(THE PROBLEM) Please retype the data in full and exactly; the pictures are not part of the copy.

Start of SUPPLIED DATA

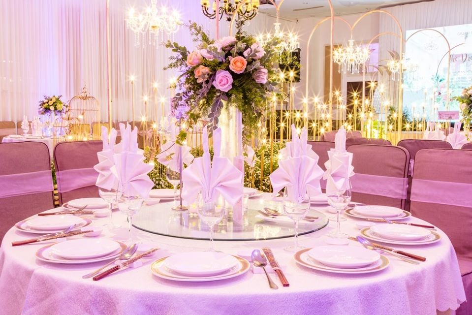 Tùy thuộc vào mỗi phong cách riêng của từng Trung tâm tiệc cưới sẽ thiết kế những gói trang trí tiệc cưới khác nhau dành riêng cho các cặp đôi của họ.
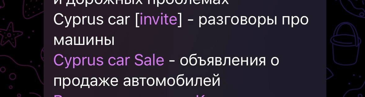 Ребят, доброе утро. А как можно прыгнуть в чатик Cyprus Car из закрепа, а то меня форвардит на бот.
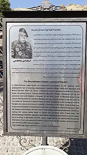 تندیس کوهنورد که در میدان سربند در محلهٔ دربند برپا است در سال ۱۳۴۱ توسط رضا لعل ریاحی، پیکرهتراش و نقاش ایرانی ساخته و سپس نصب شد.[7] ایدهٔ ساخت این تندیس در سال ۱۳۳۷ از سوی حسن وجدانخوش، از کوهنوردان با سابقه ایرانی پیشنهاد شد. سرهنگ بیات، رئیس مرکز آموزش کوهستانی ارتش، مقدمات ساخت آن را آماده کرد و «مهام»، شهردار وقت تهران، هزینه ساخت مجسمه را پذیرفت. امیر شاه قدمی، گروهبان ارتش و مربی کوهنوردی مرکز آموزش کوهستانی و مربی اسکی ایران به عنوان مدل معرفی شد و شهرداری هم مبلغ ۱۰ هزار تومان بابت ساخت مجسمه پرداخت.[7] گروهبان شاه قدمی سه سال بعد در سال ۱۳۴۰ در عملیات مربوط به نجات سرنشینان هواپیمای آمریکایی سقوط کرده در قله زردکوه بختیاری به ارتفاع ۳۸۷۰ متر در سرمای ۳۰ درجه زیر صفر که موفق به نجات افراد آن گشت، از رئیسجمهور وقت آمریکا (کندی) مدال لیاقت نیز دریافت کرد. سرهنگ شاه قدمی در سال ۱۳۹۱ در ۸۰ سالگی در تهران درگذشت.[8]

End of SUPPLIED DATA

(TASK ANSWER)
 Tùy thuộc vào mỗi phong cách riêng của từng Trung tâm tiệc cưới sẽ thiết kế những gói trang trí tiệc cưới khác nhau dành riêng cho các cặp đôi của họ.
 Ребят, доброе утро. А как можно прыгнуть в чатик Cyprus Car из закрепа, а то меня форвардит на бот.
 تندیس کوهنورد که در میدان سربند در محلهٔ دربند برپا است در سال ۱۳۴۱ توسط رضا لعل ریاحی، پیکرهتراش و نقاش ایرانی ساخته و سپس نصب شد.[7] ایدهٔ ساخت این تندیس در سال ۱۳۳۷ از سوی حسن وجدانخوش، از کوهنوردان با سابقه ایرانی پیشنهاد شد. سرهنگ بیات، رئیس مرکز آموزش کوهستانی ارتش، مقدمات ساخت آن را آماده کرد و «مهام»، شهردار وقت تهران، هزینه ساخت مجسمه را پذیرفت. امیر شاه قدمی، گروهبان ارتش و مربی کوهنوردی مرکز آموزش کوهستانی و مربی اسکی ایران به عنوان مدل معرفی شد و شهرداری هم مبلغ ۱۰ هزار تومان بابت ساخت مجسمه پرداخت.[7] گروهبان شاه قدمی سه سال بعد در سال ۱۳۴۰ در عملیات مربوط به نجات سرنشینان هواپیمای آمریکایی سقوط کرده در قله زردکوه بختیاری به ارتفاع ۳۸۷۰ متر در سرمای ۳۰ درجه زیر صفر که موفق به نجات افراد آن گشت، از رئیسجمهور وقت آمریکا (کندی) مدال لیاقت نیز دریافت کرد. سرهنگ شاه قدمی در سال ۱۳۹۱ در ۸۰ سالگی در تهران درگذشت.[8]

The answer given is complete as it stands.